Happiness is the natural state for people, as difficult as our individual life journeys may be. It is not some imagined future after you no longer need to work, and it’s not some cinematic memory from your childhood. You’re supposed to be happy right here, right now.
Of course, many of us don’t feel like we are. That’s because we’re trying to be, and we can’t strive for and reach happiness. It’s not the result of an effort, it’s not a goal. It can’t be gotten at by ego.
Happiness can be unveiled though. Gardeners who willingly work in their garden, in collaboration with the sun and the rain, are engaged in the cultivation of happiness. You can too.
Start by looking inside. Spend time in meditation or prayer – time in your garden – so that you can fully perceive the rocks and weeds, the birds and trees.
Sweat and groan as you haul out the rocks, the emotional blockage that was created when you refused to fully feel the events of your life. The only way to do this is to feel the rocks.
Do nothing to pull out the weeds, the negative patterns of behavior that imprinted into your mind as you struggled to cope with the world. If you do nothing, they’ll stop being nourished and they’ll die – pulling on them just makes them stronger. Doing nothing can be very difficult.
Nourish the soil, seek wholeness in body, by intentionally seeking physical activity and whatever diet fulfills your physical form the best. Don’t read a book on gardening in the forest if you’re working in a desert. Listen to the land.
Nourish the plants, seek wholeness in emotions, by accepting and fully feeling whatever weather arises.

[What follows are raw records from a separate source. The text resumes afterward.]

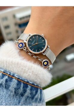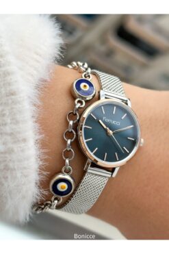 Ferrucci Marka Gümüş Renk Çelik Hasır Kordon Lacivert Kadran Mini Kasa Kadın Kol Saati +Bileklik
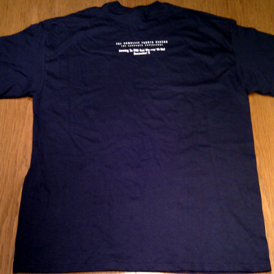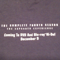 This navy blue T-shirt was handed out on San Diego Comic Con 2008 to promote the DVD and Blu-ray Hi-Def release of Season 4.
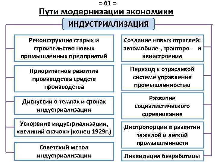 = 61 = Пути модернизации экономики ИНДУСТРИАЛИЗАЦИЯ Реконструкция старых и строительство новых промышленных предприятий Создание новых отраслей: автомобиле-, тракторо- и авиастроения Приоритетное развитие производства средств производства Переход к отраслевой системе управления промышленностью Дискуссии о темпах и сроках индустриализации Развитие социалистического соревнования Ускорение индустриализации, «великий скачок» (конец 1929 г. ) Советский метод индустриализации Диспропорции в развитии тяжелой и легкой промышленности Ликвидация безработицы
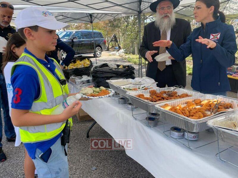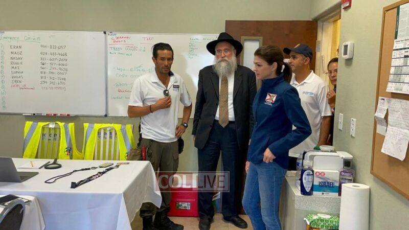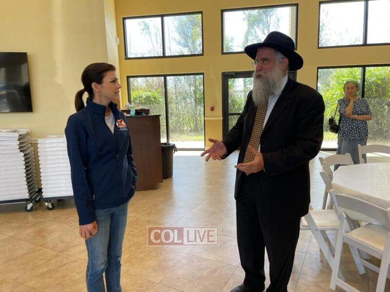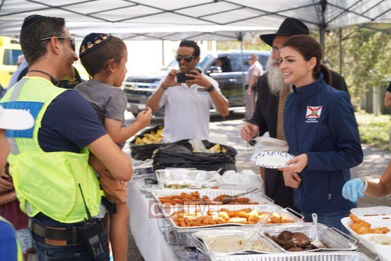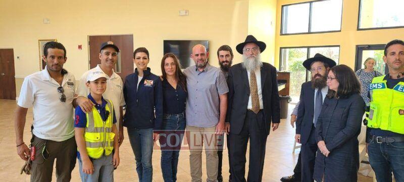 The First Lady was welcomed by the Local Shliach Rabbi Yitzchok Minkowicz, Director of Chabad Lubavitch of Southwest Florida, Rabbi Peretz Meir Simcha Minkowicz, Assistant Rabbi at Chabad Lubavitch of Southwest Florida, as well Eran Hazan of Yedidim USA that was responsible for setting up the whole Food operation that is providing hot meals for the community. Also in attendance were Maor and Sigal Elbaz-Starinsky, Consul General of the Consulate General of Miami, Rabbi Yossi and Rivky Labkowski, Shluchim in Cape Coral Florida, as well as Hatzalah representatives.
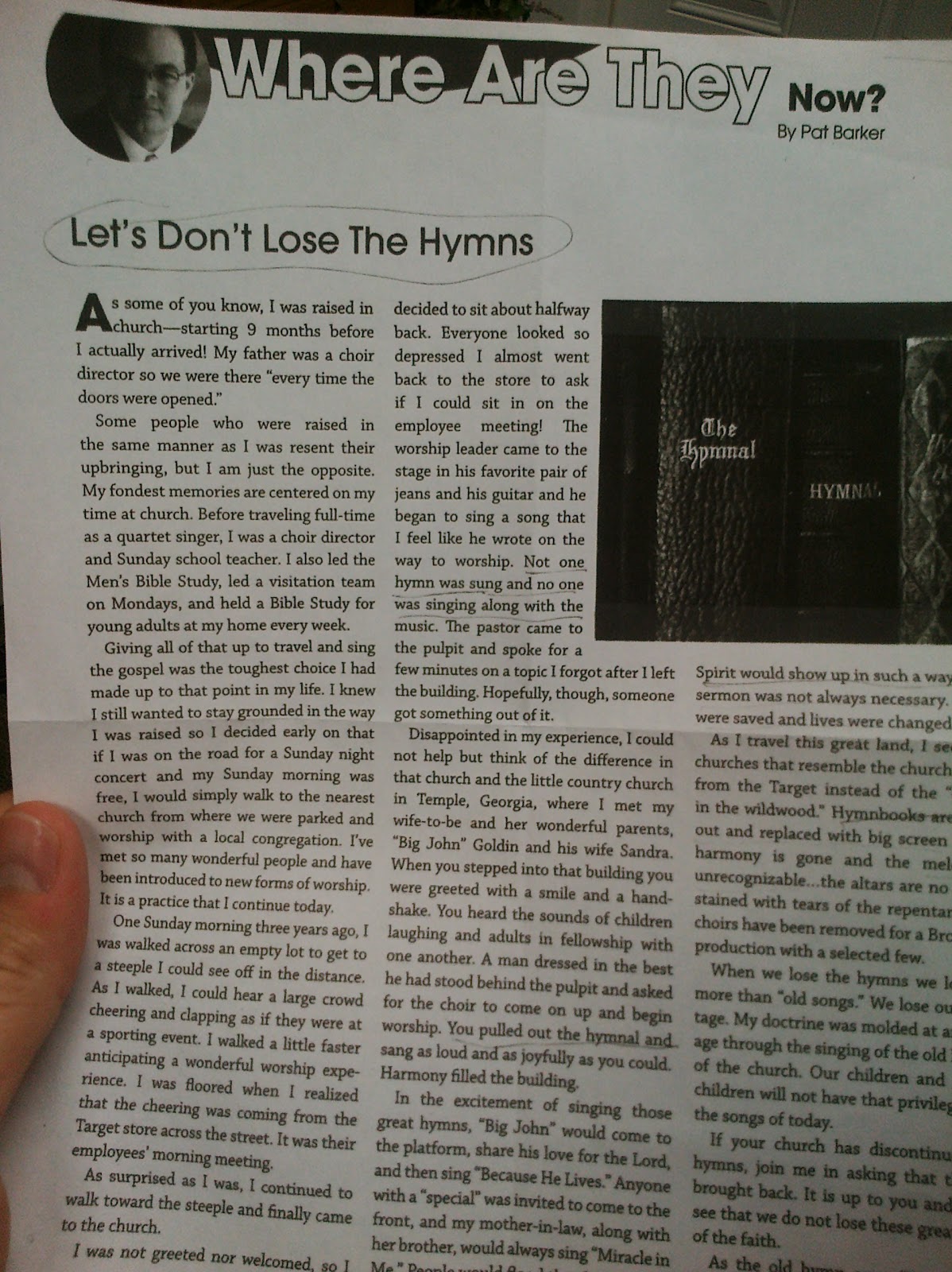 The stack of papers had been photocopied by a well-intentioned, unidentified church attender that morning. It was an article titled: “Let’s Don’t Lose the Hymns” by Pat Barker. I absolutely agreed with much of what Pat wrote but heartily disagreed with one of his conclusions. Here are just a few of my reflections on this issue.

You need both sunny weather and storms to grow.
Plant trees of right understanding by regularly reading spiritual and religious texts, preferably across multiple traditions. Don’t keep it too serious, though – it’s not spiritual if it’s always dreary and bleak.
Plant trees of right relationships by moral action, allegiance to a concept of virtue that you regularly redefine using your intuition and expanding frame of reference. Seek to guide all of that grows in you into positive, constructive outlets.
None of these methods of cultivating happiness will result in happiness. Not one. You’ll never get happy trying to be happy. These methods of cultivating happiness result in healthiness, wholeness, and spirituality.
But, in your gardening, sooner or later you’ll start unaccountably whistling and smiling. You’ll be pulling a difficult weed or your back will be hurting from moving a particularly large rock, and suddenly you’ll notice the sky or the grass or the birds. Maybe you’ll even sing or dance. It won’t be because of one tree, or some special fruit, or anything at all in particular.
You’ll just suddenly notice that you’re happy, and have been for quite some time.
In your clearing of the land and tending of the plants, happiness just somehow happens. But only as long as you keep working. There’s not much difference between happiness and living, if you can forget about being something in particular or wanting something in particular for a while.
Ultimately, the cultivation of happiness is the happiness it cultivates, you see.
For to try to say anything definite about the Tao is like trying to eat your mouth: you can’t get outside it to chew it. To put it the other way round: anything you can chew is not your mouth. So, too, anything you can define or imagine, anything you can understand or desire, is not the Tao. We can’t know it, we can’t feel or sense it, for the very simple reason that it’s the whole substance of knowing, feeling, and sensing, of living and existing. It’s too close to be seen and too obvious to be noticed or understood.